New Zealand architect

Anna-Marie Chin is a New Zealand registered architect based in Arrowtown. She has won several awards for her architecture.

==Biography==
Chin grew up in Otago and Southland, and had family holidays in Arrowtown and Central Otago, which she says influenced her decision to study architecture. She runs her own practice, Anna-Marie Chin Architects, in Arrowtown.

In 2016, a home designed by Chin won Best Small Home. In 2022, the same home won the Home of the Year Award.

In the 2019 Te Kāhui Whaihanga New Zealand Institute of Architects Southern Awards, Chin's firm won two awards: in the Housing – Alterations and Additions category and the Commercial Architecture category. In the same awards in 2021, her firm won an award in the Housing category. In the 2023 awards, Chin's firm won twice: in the Housing category and the Housing – Alterations & Additions category. Chin was a finalist in the Architecture + Women NZ Chrystall Excellence Award, which acknowledged her exploration on the relationship of a site's materiality and geology in her architecture.

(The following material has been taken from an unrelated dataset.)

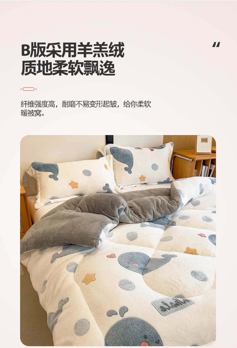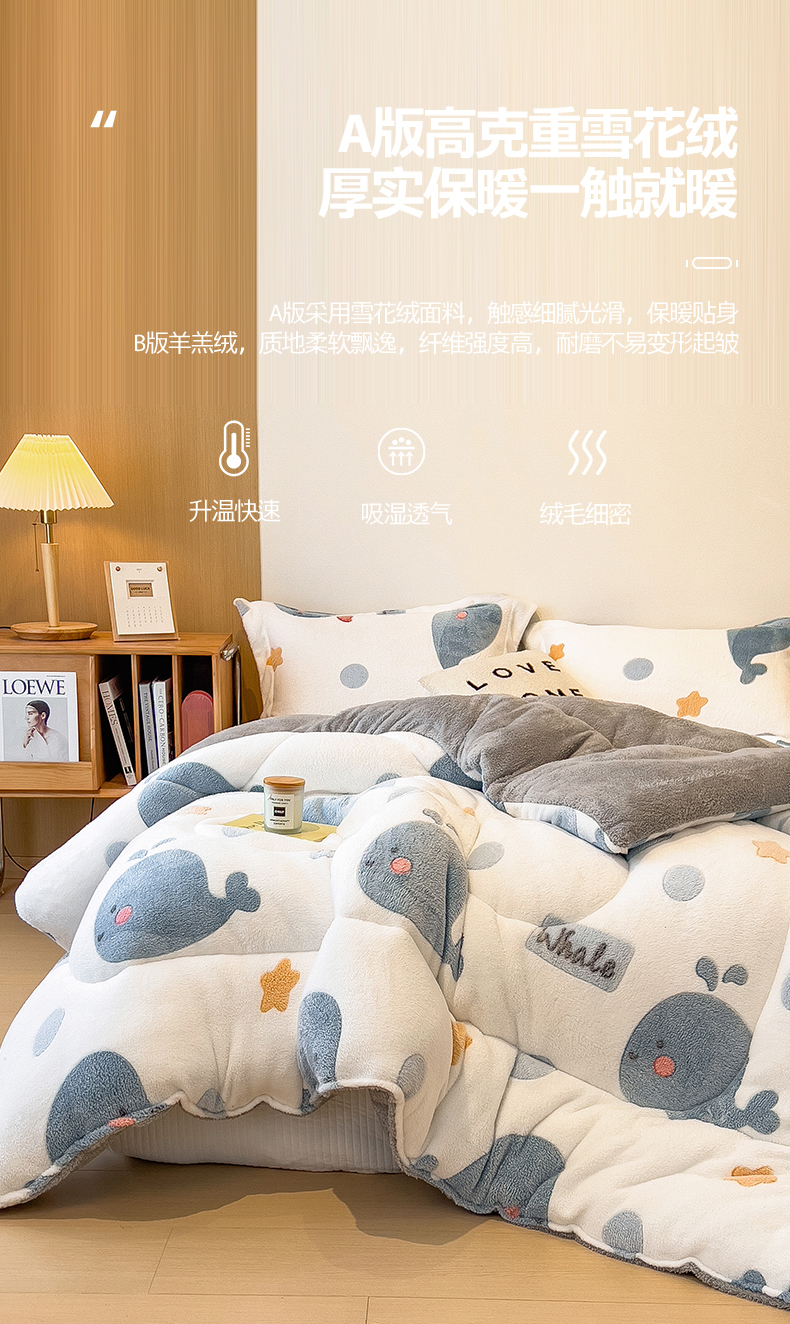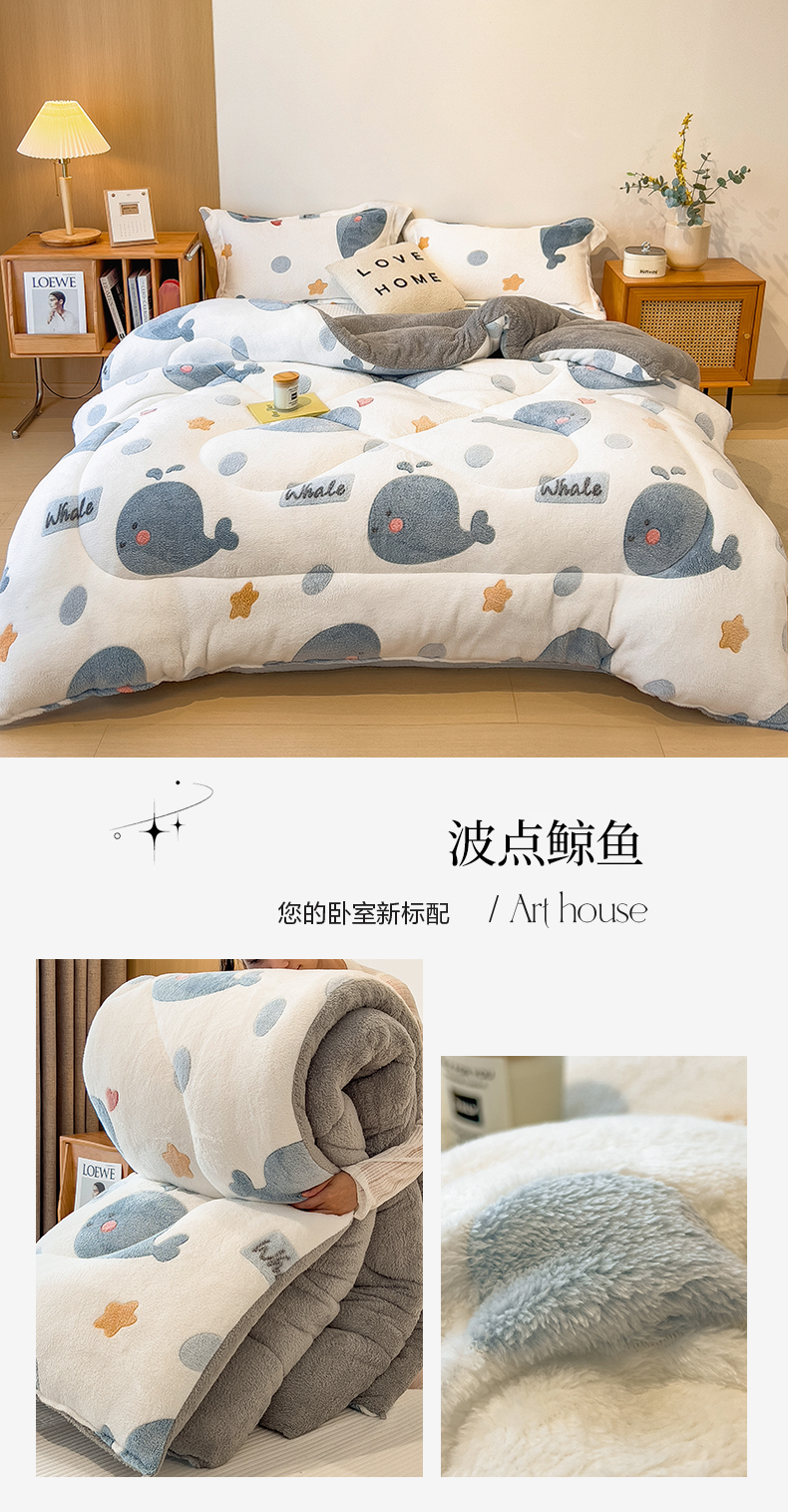 • 91家纺网 家纺一手货源 找家纺 金帛坊 新款雪花绒冬被被子被芯 小鲸鱼

In 2021, Chin was the featured architect in an episode of series one of the six-part television documentary series Designing Dreams presented by Matthew Ridge on Prime Television.

Chin's design of the Alexandra Rock House won the Southern region NZIA Housing Award in 2024 with the judges commenting, "...a beautiful interplay of levels suspended above the rock".